**ACTIVITY**. Set down the lines that begin at the top of the records and end with the line containing "60Hz, SF: 1.0.", and drop every picture.

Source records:
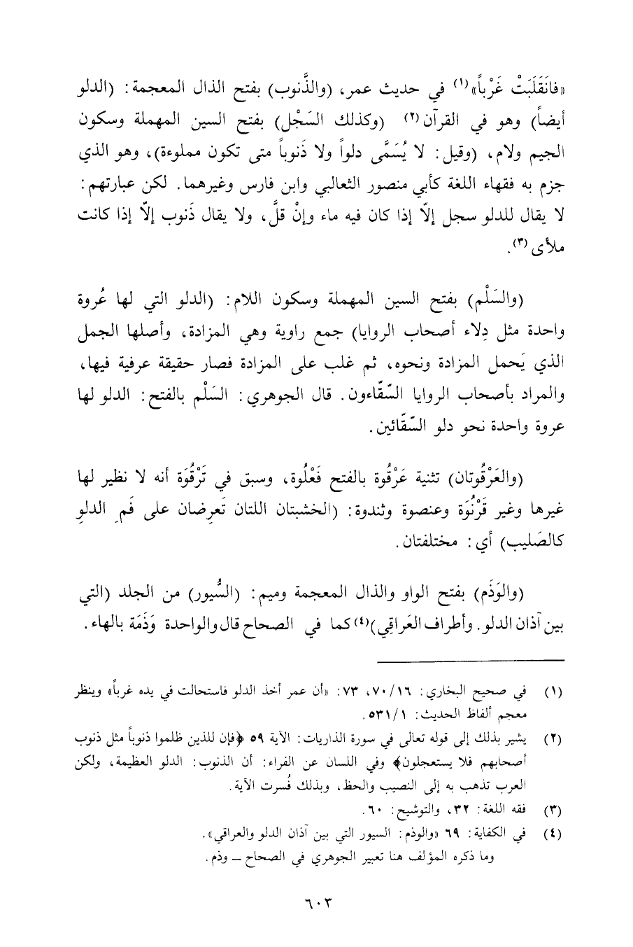 «فانقلبت غربًا» في حديث عمر, (والذنوب) بفتح الذال المعجمة: (الدلو أيضًا) وهو في القرآن (وكذلك السجل) بفتح السين المهملة وسكون الجيم ولام, (وقيل: لا يسمى دلوًا ولا ذنوبًا متى تكون مملوءة) , وهو الذي جزم به فقهاء اللغة كأبي منصور الثعالبي وابن فارس وغيرهما. لكن عبارتهم: لا يقال للدلو سجل إلا إذا كان فيه ماء وإن قل, ولا يقال ذنوب إلا إذا كانت ملأى.
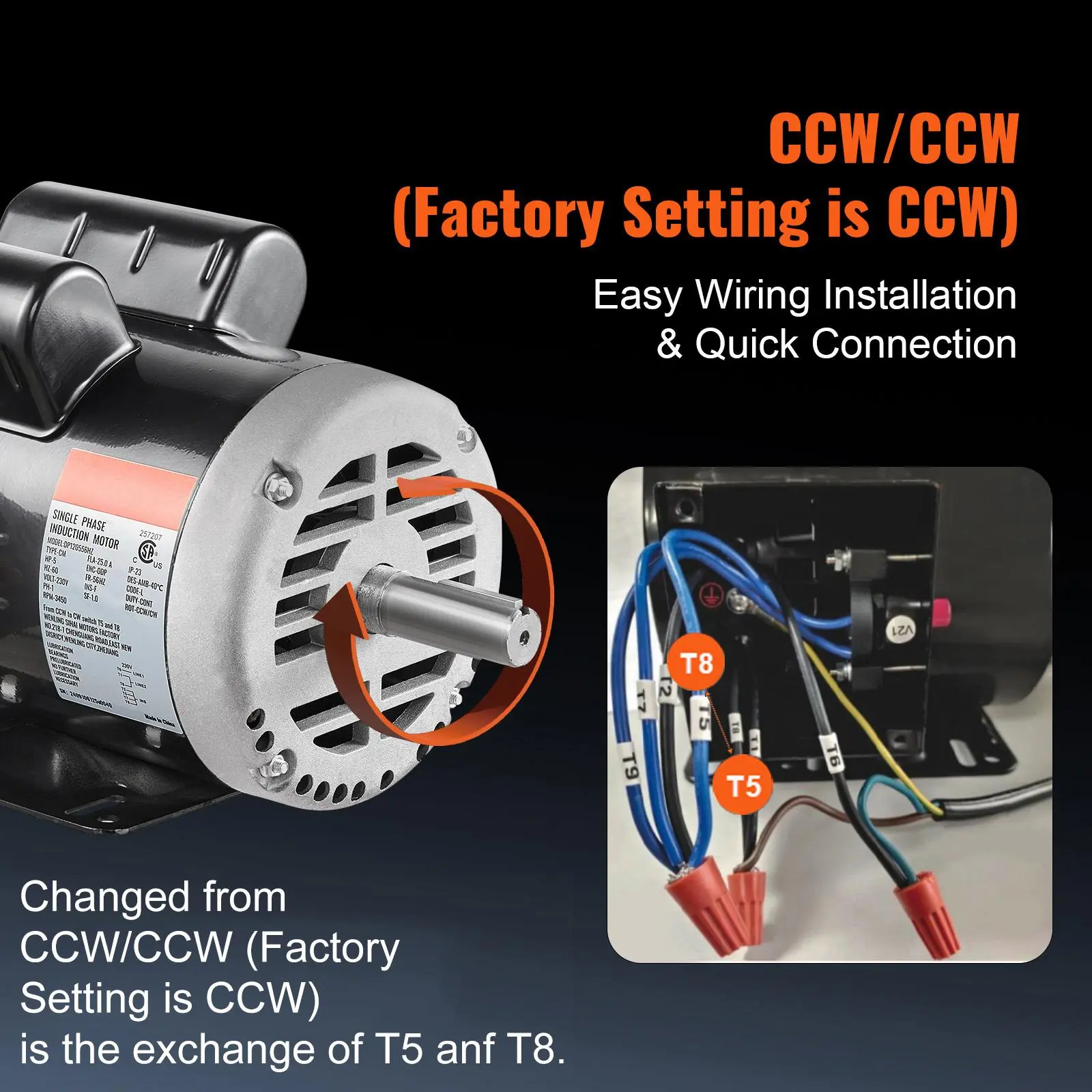 • High Performance: 5HP 3450 RPM, Single Phase, Full Load Amps: 25Amp, 230V 60Hz, SF: 1.0.
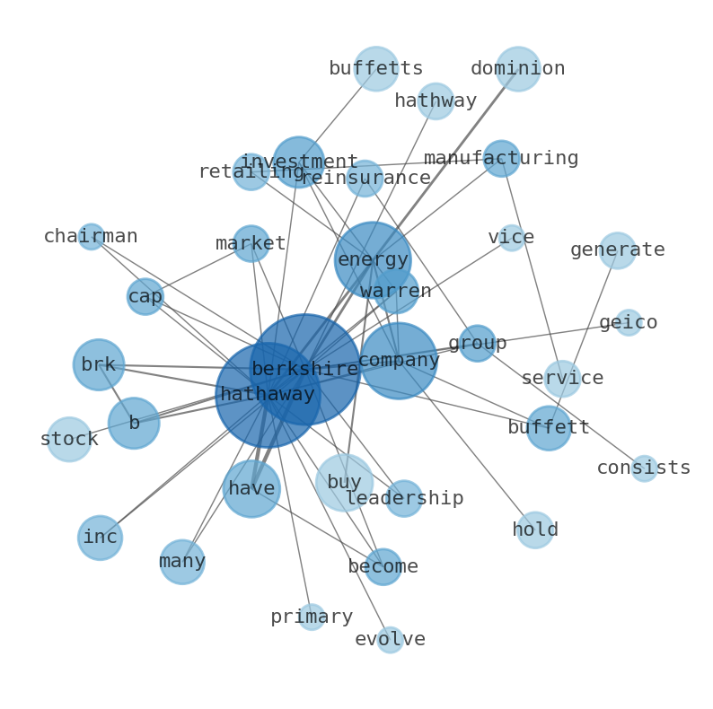 The game is changing. There is a new strategy to evaluate Berkshire Hathaway fundamental value, possible risks and most salient advantages. Investors have traditionally relied in reading large amounts of text to evaluate the fundamental value of a stock or company. However, the development of Artificial Intelligence (AI) tools is modifying the way investments are evaluated in markets. Today, machine learning, natural language processing and bigdata allow making this process automatic, reducing large amounts of text to the elements that have a higher activation in a neural network. We programmed an artificial intelligence that reads the whole internet and the uses natural language processing and vectorizers to summarize the information. Usually, the AI reads several hundred pages and summarize it to a short document. This document presents our results. We found that the most common words in the internet about Berkshire Hathaway are: Berkshire, Hathaway, company, Energy, stake, buy, Hathaways, …
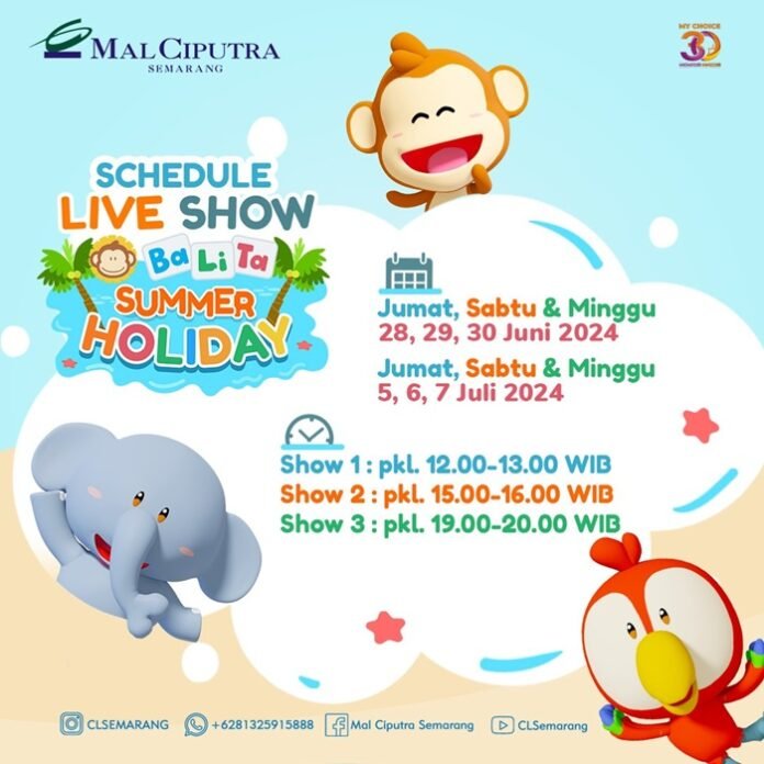Mal Ciputra Semarang akan menggelar acara bertajuk BaLiTa Summer Holiday yang dimulai Kamis (20/6/2024).
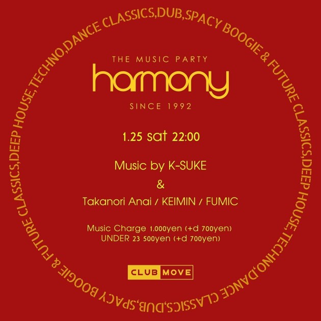新年最初のHARMONYは、関西の新星大学生DJ達によるパーティー "Scramble" の中心メンバーで "関西大学レコード音楽部" の "Keimin" と "FUMiC" にサポートDJを託し、今最も旬で勢いのある若手2人のHouseやDiscoの世界観を表現してもらいます。
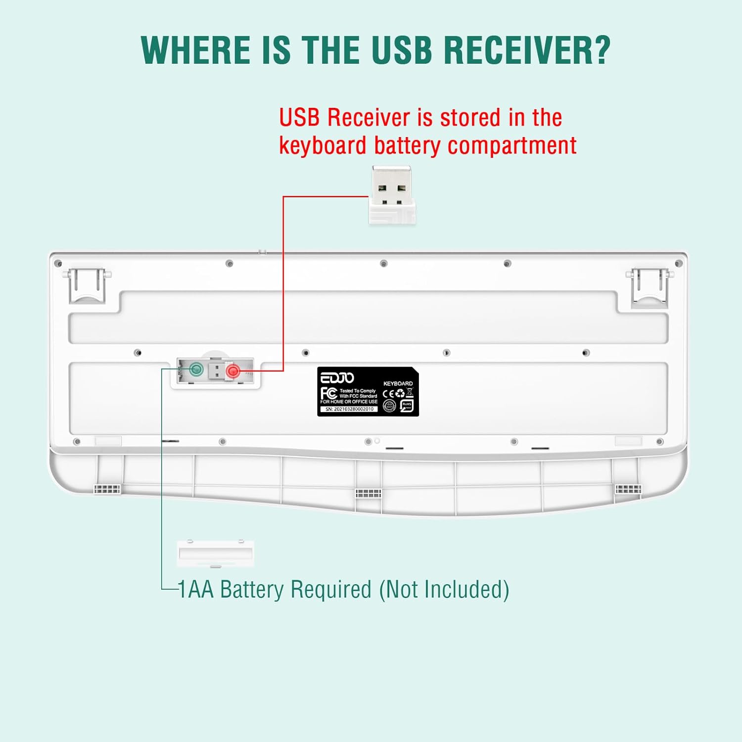 - 【Ergonomic Wireess Keyboard】EDJO Full-sized wireless keyboard is ergonomically designed with Palm Rest and folding holder that can keep it at an optimum slope, prevent your wrists from hurting while long sessions of typing. Keyboard is also designed with anti-slide pads so it will stay in place when you're typing quickly. Note: The USB receiver is in the battery compartment of the the keyboard, you can find it when open the keyboard battery cover.
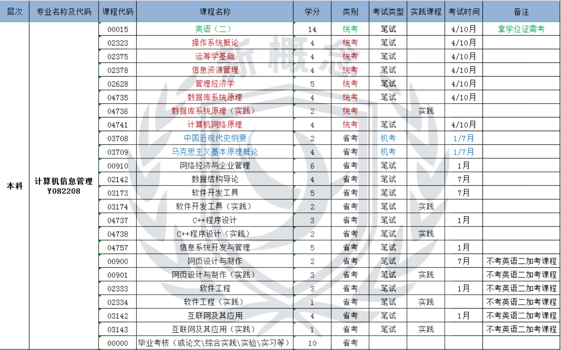 计算机信息管理——自考本科科目表
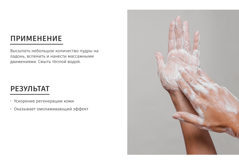 Высыпать небольшое количество пудры на ладонь, вспенить и нанести массажными движениями. Смыть тёплой водой. В период активного солнца рекомендуется дополнительно использовать средства с SPF.
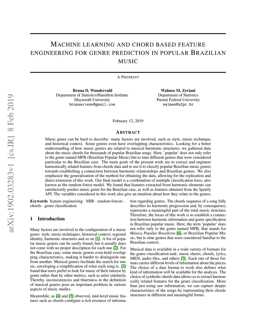 Machine learning and chord based feature engineering for genre
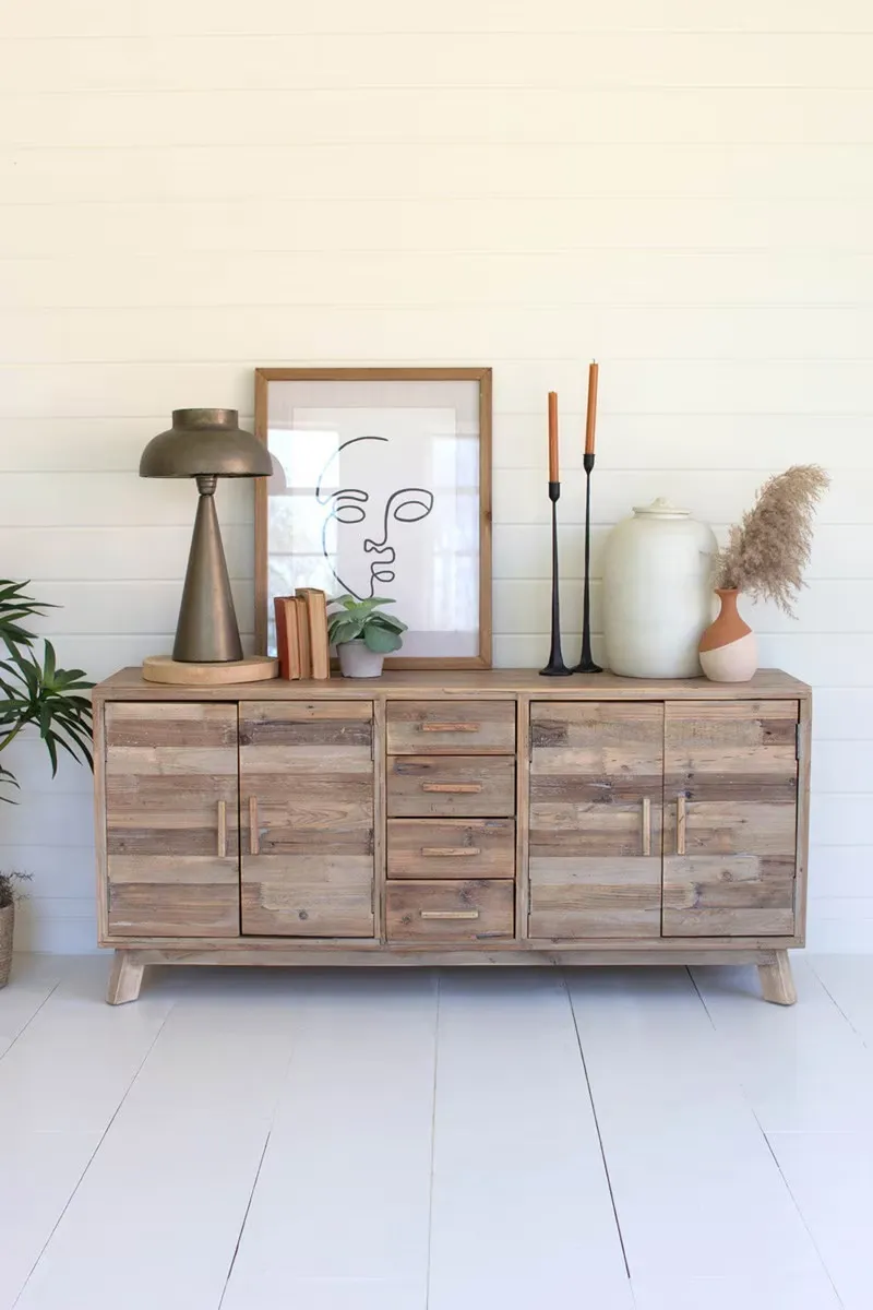 Check out this chest with plenty of storage space if your living room or cabin needs a furniture upgrade. Use it for an entertainment center or bedroom storage. With four doors and four drawers, this chest has plenty of room for your storage needs.

**EXPECTED OUTPUT**.
 «فانقلبت غربًا» في حديث عمر, (والذنوب) بفتح الذال المعجمة: (الدلو أيضًا) وهو في القرآن (وكذلك السجل) بفتح السين المهملة وسكون الجيم ولام, (وقيل: لا يسمى دلوًا ولا ذنوبًا متى تكون مملوءة) , وهو الذي جزم به فقهاء اللغة كأبي منصور الثعالبي وابن فارس وغيرهما. لكن عبارتهم: لا يقال للدلو سجل إلا إذا كان فيه ماء وإن قل, ولا يقال ذنوب إلا إذا كانت ملأى.
 • High Performance: 5HP 3450 RPM, Single Phase, Full Load Amps: 25Amp, 230V 60Hz, SF: 1.0.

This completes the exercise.